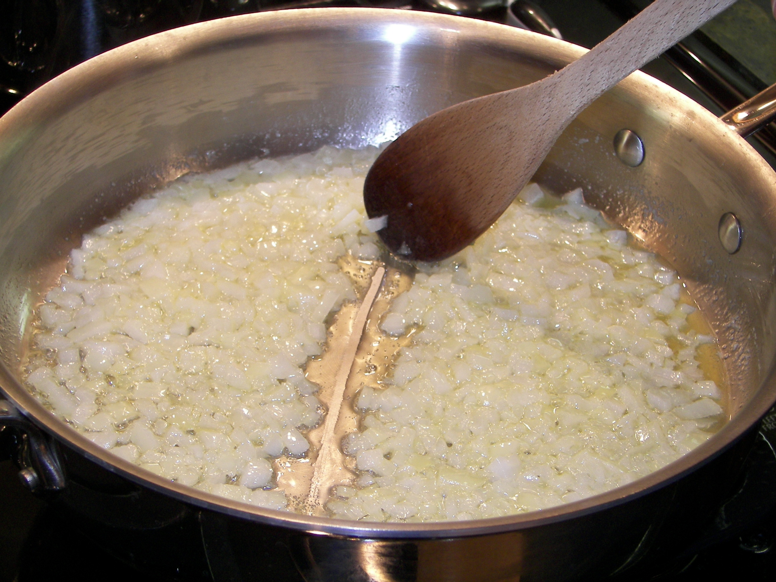 • Heat butter and oil in a sauté pan over medium low heat.  When the butter has melted and stopped sizzling (This means the water content in the butter has evaporated), add the diced onions.
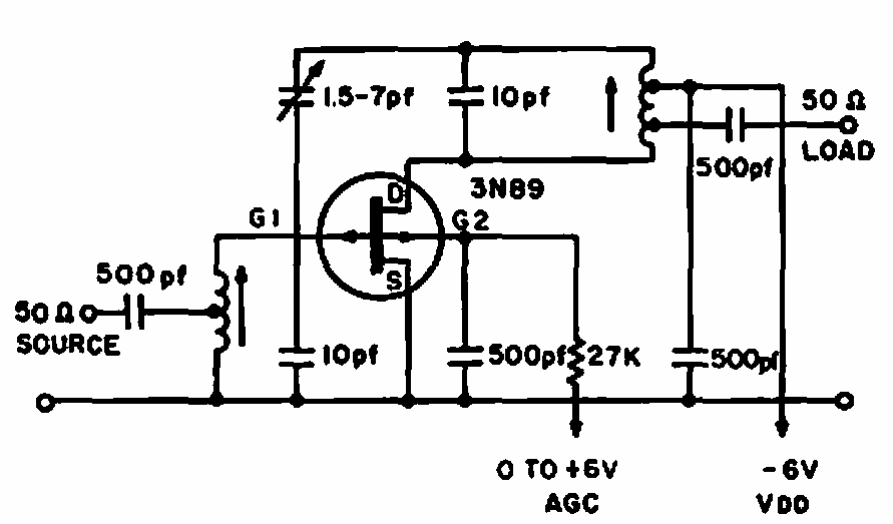 Sugerido por uma Electronic Design de 1965 este circuito tem um ganho de 15 dB em 45 MHz, podendo ser alterado para operar em outras frequências. O FET tetrodo é componente pouco comum atualmente.
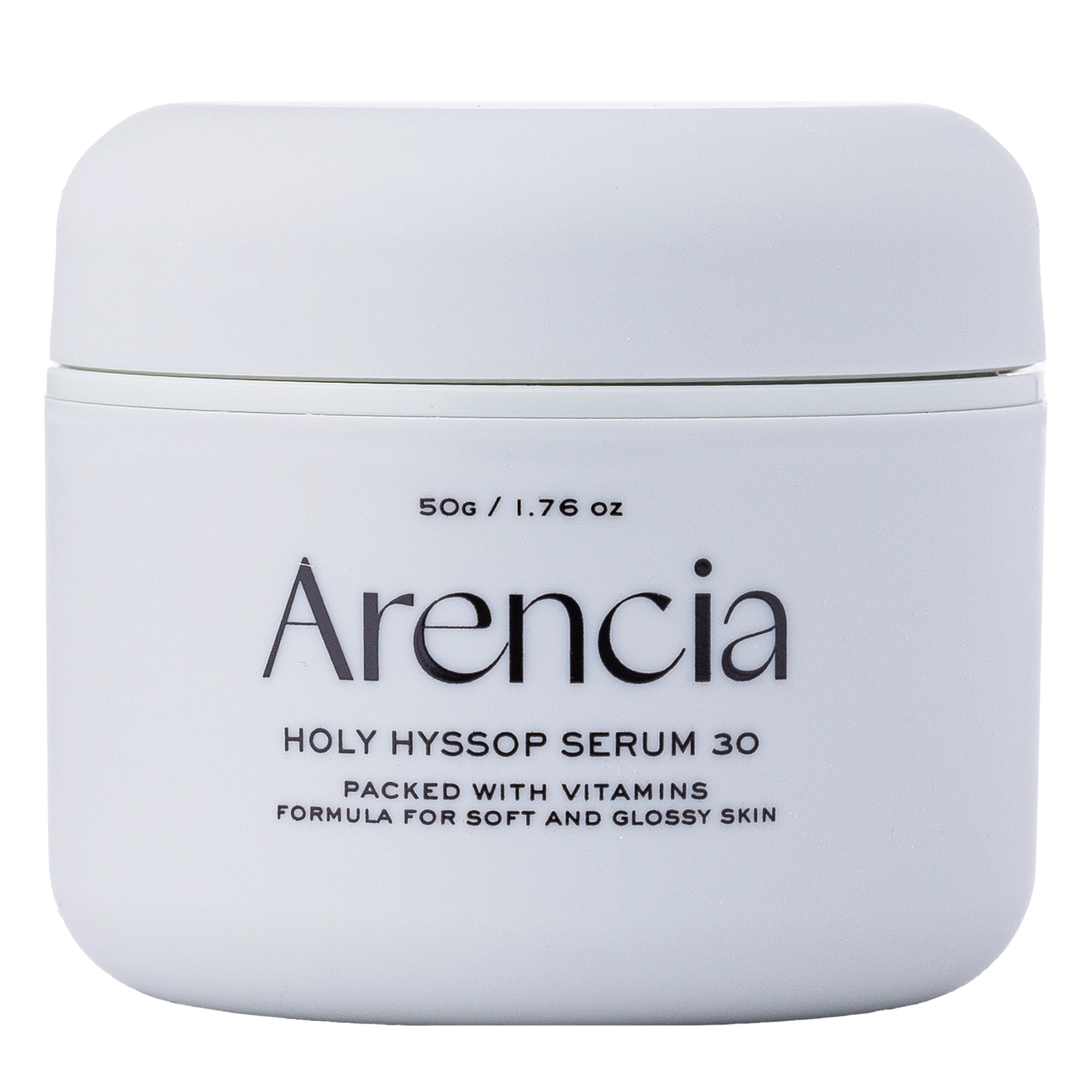Arencia - Holy Hyssop Serum 30 – ein Serum für die tägliche Pflege von Gesichtshaut, die intensive und tiefgehende Feuchtigkeit benötigt. Das in der Formel enthaltene Niacinamid stärkt die Hydrolipidbarriere der Haut und hellt gleichzeitig Verfärbungen auf. Der Hyssop-Extrakt wirkt stark entzündungshemmend und beruhigt gereizte Haut. Gleichzeitig spendet Hyaluronsäure intensiv Feuchtigkeit, wodurch die Haut weich, glatt und strahlend wird. Dank der enthaltenen, stärksten Antioxidantien – Vitamin C und E – neutralisiert das Serum die schädlichen Auswirkungen freier Radikale und verlangsamt so den Alterungsprozess der Haut. Die Kosmetikformel wird durch Panthenol ergänzt, das nicht nur die Regeneration der Epidermis beschleunigt, sondern auch die feuchtigkeitsspendenden Eigenschaften des Serums verstärkt.

§ REQUIRED ACTION
When you retype the material above, copy each line exactly and drop whatever images appear in it.

§ REPLY TO THE EXERCISE
 • Heat butter and oil in a sauté pan over medium low heat.  When the butter has melted and stopped sizzling (This means the water content in the butter has evaporated), add the diced onions.
 Sugerido por uma Electronic Design de 1965 este circuito tem um ganho de 15 dB em 45 MHz, podendo ser alterado para operar em outras frequências. O FET tetrodo é componente pouco comum atualmente.
Arencia - Holy Hyssop Serum 30 – ein Serum für die tägliche Pflege von Gesichtshaut, die intensive und tiefgehende Feuchtigkeit benötigt. Das in der Formel enthaltene Niacinamid stärkt die Hydrolipidbarriere der Haut und hellt gleichzeitig Verfärbungen auf. Der Hyssop-Extrakt wirkt stark entzündungshemmend und beruhigt gereizte Haut. Gleichzeitig spendet Hyaluronsäure intensiv Feuchtigkeit, wodurch die Haut weich, glatt und strahlend wird. Dank der enthaltenen, stärksten Antioxidantien – Vitamin C und E – neutralisiert das Serum die schädlichen Auswirkungen freier Radikale und verlangsamt so den Alterungsprozess der Haut. Die Kosmetikformel wird durch Panthenol ergänzt, das nicht nur die Regeneration der Epidermis beschleunigt, sondern auch die feuchtigkeitsspendenden Eigenschaften des Serums verstärkt.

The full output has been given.